Dennis Kelleher, president of M/I Homes for the Washington, D.C., region, declined to comment on specific homes, but said M/I Homes complies with local regulations for alternative septic systems and “discloses any requirements and shares the proper information with homeowners” prior to purchases. Kelleher stated that he was not aware of any widespread problems with alternative septic systems in M/I Homes in Loudoun and that the company has not built homes with alternative septic systems for several years. “We have had calls,” he said, “but not many.”

Inspections and maintenance required

Again and again, lack of strict maintenance is cited as the greatest weakness in alternative septic systems — pushing local authorities to contemplate inspection regimens, which critics say are intrusive. “I believe that if they are built and designed and loaded properly, these systems can function reasonably well,” said Alan Sexstone, a professor in West Virginia University’s Division of Plant and Soil Sciences, who co-authored the 1998 West Virginia study. “I don’t think there are any ‘deploy and forget’ kinds of systems.”

Poor maintenance was the primary cause of problems with roughly 600 aerobic treatment units around Lake Livingston, Texas, in the 1999 study by the Trinity River Authority and the Texas On-Site Wastewater Treatment Research Council. The study noted that most of the systems’ chlorinator units “work well during optimum conditions” but “fall short of expectations when conditions are not perfect.” Researchers recommended regular inspections and electronic monitoring as a fix.

In other communities, such as Harris County, Texas, where clay soil and heavy rainfall cause many conventional systems to fail, alternative systems have performed smoothly for years, according to John Blount, director of planning and operations for Harris County’s Public Infrastructure Department. The county’s first alternative system was installed in 1989. Today, roughly 13,000 alternative systems are monitored using a countywide electronic alarm system that alerts the homeowner and authorities if something goes awry. The county requires biannual inspections for electronically monitored systems and quarterly inspections for systems that are not electronically monitored.

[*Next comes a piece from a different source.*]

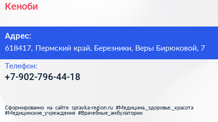 Кеноби по адресу 618417, Пермский край, Березники, Веры Бирюковой, 7 в дальнейшем Организация, размещена в следующих категориях:

Maintenance contracts in Loudoun run between $300 and $800, depending on the type of system, the frequency of inspections and the home’s location, according to the Loudoun County Health Department’s Lee. State regulations slated for approval this summer could double current requirements to mandate twice-yearly inspections. “The fact is that these systems need maintenance, and because there wasn’t a state law at the time stating such, it wasn’t being done,” Lee said. “I imagine that if people didn’t have to get their cars inspected, many people would never get their cars inspected. It doesn’t matter if it makes us safer; if things aren’t required, people won’t do it.”

Blount said he wasn’t aware of any backlash against Harris County’s strict maintenance requirements. Then again, he said, “people know that if they don’t want to maintain their system, they’ll get a subpoena so they can explain to a judge why they didn’t want to maintain their system.”

Loudoun resident Sean Kennedy said he happily signed a $500 annual maintenance contract recently, and has become more conscious about what he puts down his drain. He said that, when his system works, the treated water is “pretty darn pure.” As for Diana Johns, after her troubles seven years ago, she stopped using the garbage disposal and started using disposable plates to cut her dishwasher use. But she still does multiple loads of laundry per day, and still uses chemical cleaning products.

She’s gone years without a serious septic problem. But recently, she said, her alarm started bleating again.